What is the difference between STCG and LTCG?

STCG (Short-Term Capital Gains) applies to assets held for a short period, while LTCG (Long-Term Capital Gains) applies to assets held longer. For equity shares and equity mutual funds, short-term means less than 12 months. For property, it's less than 24 months. Tax rates differ: STCG on equity is taxed at 15%, while LTCG on equity exceeding ₹1 lakh is taxed at 10%.

How is capital gains tax calculated on property?

For property held less than 24 months, STCG is taxed as per your income tax slab. For property held more than 24 months, LTCG is taxed at 20% with indexation benefit, which adjusts the purchase price for inflation. You can also claim exemptions under Section 54, 54EC, or 54F by reinvesting in another property or specified bonds.

What is indexation in capital gains?

Indexation is a benefit available for long-term capital gains on certain assets like property and debt mutual funds. It adjusts the purchase price of the asset for inflation using the Cost Inflation Index (CII) published by the government, thereby reducing the taxable capital gain and your tax liability.

Is LTCG on equity shares taxable?

Yes, LTCG on equity shares and equity-oriented mutual funds is taxable at 10% on gains exceeding ₹1 lakh per financial year. Gains up to ₹1 lakh are exempt from tax.
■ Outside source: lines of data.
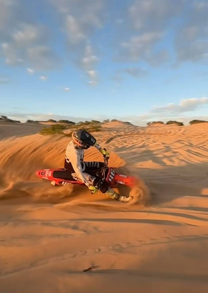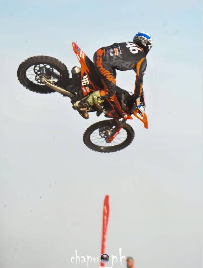 Para este evento se requiere una preparación mayor que para una simple carrera por el hecho de que las mangas son más largas y en pistas que se rompen mucho con el paso de 40 motos. Para eso, Alfonso ha estado entrenando en la arena con mangas de 30 minutos en un piso muy roto para estar más adaptado a lo que va vivir en esos dos días en Bariloche con su habitual frío seco.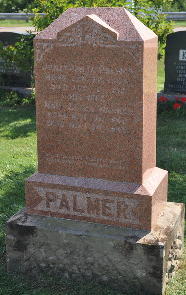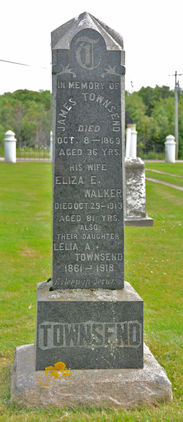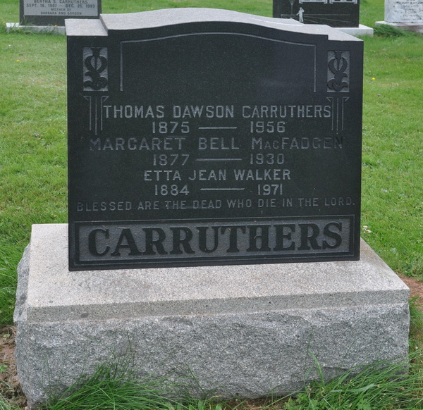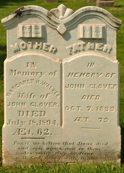 | Burial | She was buried in the Peoples Cemetery; United Presbyterian Church, Malpeque, Prince County, Prince Edward Island, Canada, 46.52974, -63.68728G. Decorative white marble stone. Inscription on left of centre: Thy will be done / Mother / In / Memory of / Margaret H. Walker / Wife of / John Glover, / Died / July 18, 1894, / AEt. 62. / - /Inscription on right of centre: At Rest / Father / In / Memory of /John Glover / Died / Oct. 7, 1899, / AET. 79. /Script: For if we believe that Jesus died / and rose again even so them / also which sleep in Jesus / will God bring with him. Cairns & McLean" (stonecutters).9 ![]() Tombstone, John Glover (1820-1899) and Margaret Hetherington Walker 1832-1894), the Peoples Cemetery, Princetown United Church, Malpeque, Prince County, Prince Edward Island, Canada. |
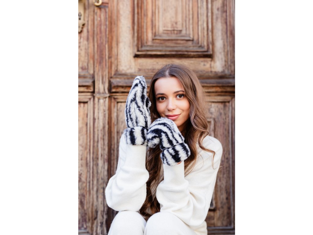 Volnene rokavice v zebra barvi
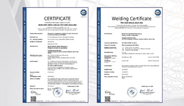 鋼結(jié)構(gòu)制作、安裝一級資質(zhì),通過了ISO9001-2000質(zhì)量管理體系的認(rèn)證、ISO14000環(huán)境管理體系認(rèn)證、ISO18000職業(yè)健康安全管理體系認(rèn)證以及EN1090認(rèn)證,美國AISC認(rèn)證。客戶眾多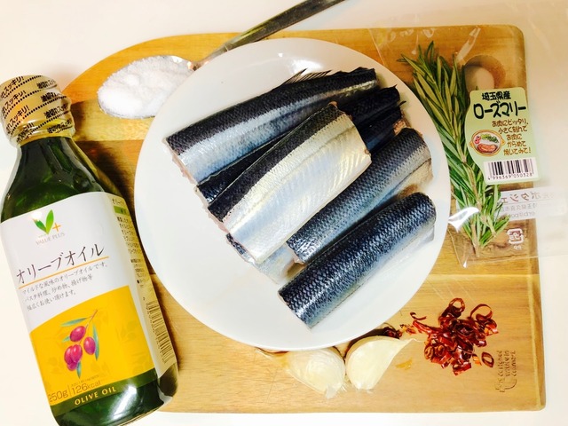 今回は食材をオイルに漬けてじっくりと火を入れる、コンフィにしてみました。この場合、すでに頭と内臓を取り除いてあるカット済みを使うと便利です。
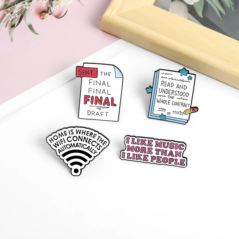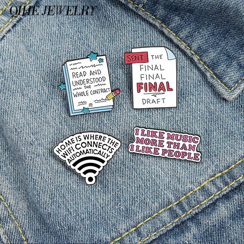 Эмалированные булавки с цитатами, музыка, Wi-Fi, чтение компьютерных файлов, забавные буквы, булавка на лацкан, аксессуары для джинсов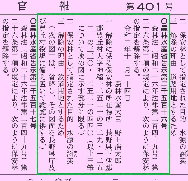 〇 *2 JR東海の保安林指定解除の申請について2020年6月2日に飯田市内で長野県森林審議会保全部会が行われました。傍聴者への配布資料のなかに、解除予定保安林の概要について書いた部分がありました。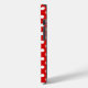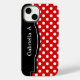 Stylish iPhone case designed with a white polka dots over red pattern, a black frame over the left side, and personalized with your name or custom text in white across the black frame. This design is perfect for vertical and horizontal use of the mobile phone.
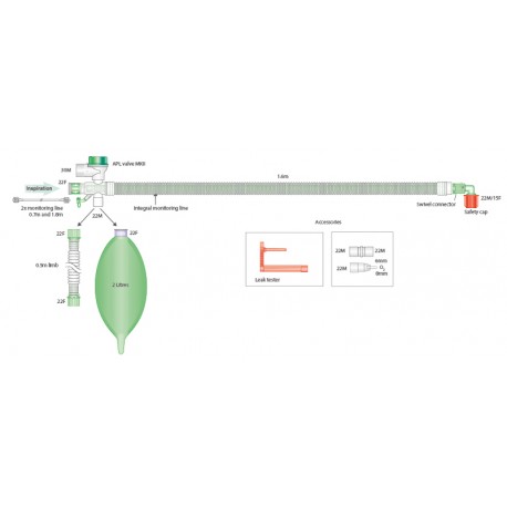 Circuito respiratorio coaxial UniFlow completo de 30mm con balón reservorio de 2L, línea de monitorización integrada y ramal de 0.5m, longitud 1.6m. Con codo fijo, línea de monitorización integrada, conectores adicionales, válvula APL, balón de 2L y tapón de seguridad.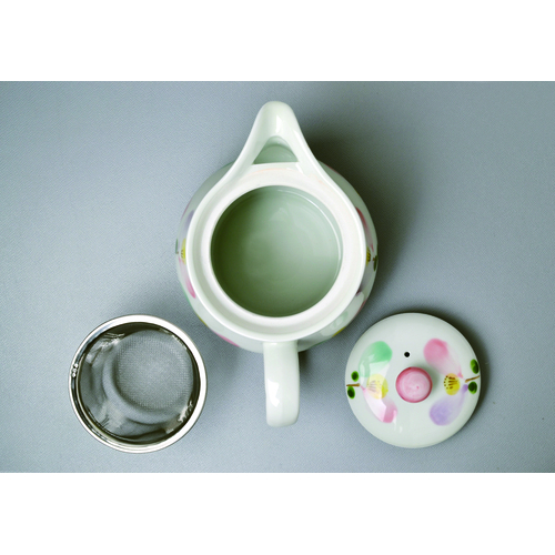 ●磁器、茶こし:ステンレス鋼●口径9×全幅16.5×全高11.5m●500ml●430g●日本製※手描きのため、色柄など多少異なります。食洗機は使用できません。茶こしは電子レンジには使用できません。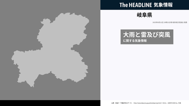 8月12日20時21分、岐阜地方気象台は、岐阜県に発表されている警報・注意報の経過、予測、防災上の留意点などを解説するために発表していた気象情報を更新した。

LTCG applies when the holding period is more than 12 months and Securities Transaction Tax (STT) has been paid.

Can I save tax on capital gains?

Yes, you can save tax on capital gains through various exemptions: Section 54 for residential property, Section 54EC by investing in specified bonds (NHAI/REC), Section 54F for other assets, and Section 112A exemption of ₹1 lakh for equity LTCG. For equity, consider tax-loss harvesting to offset gains with losses.

How to calculate capital gains on mutual funds?

For equity mutual funds: If held less than 12 months, STCG is taxed at 15%. If held more than 12 months, LTCG exceeding ₹1 lakh is taxed at 10%. For debt mutual funds: If held less than 36 months, STCG is taxed as per your slab. If held more than 36 months, LTCG is taxed at 20% with indexation.

Disclaimer: This capital gains tax calculator is provided for estimation purposes only. Actual tax liability may vary based on your total income, applicable deductions, surcharge, cess, and specific circumstances. The calculator uses standard tax rates and does not account for all possible exemptions or special situations. Always consult with a chartered accountant or tax advisor for accurate tax planning and filing.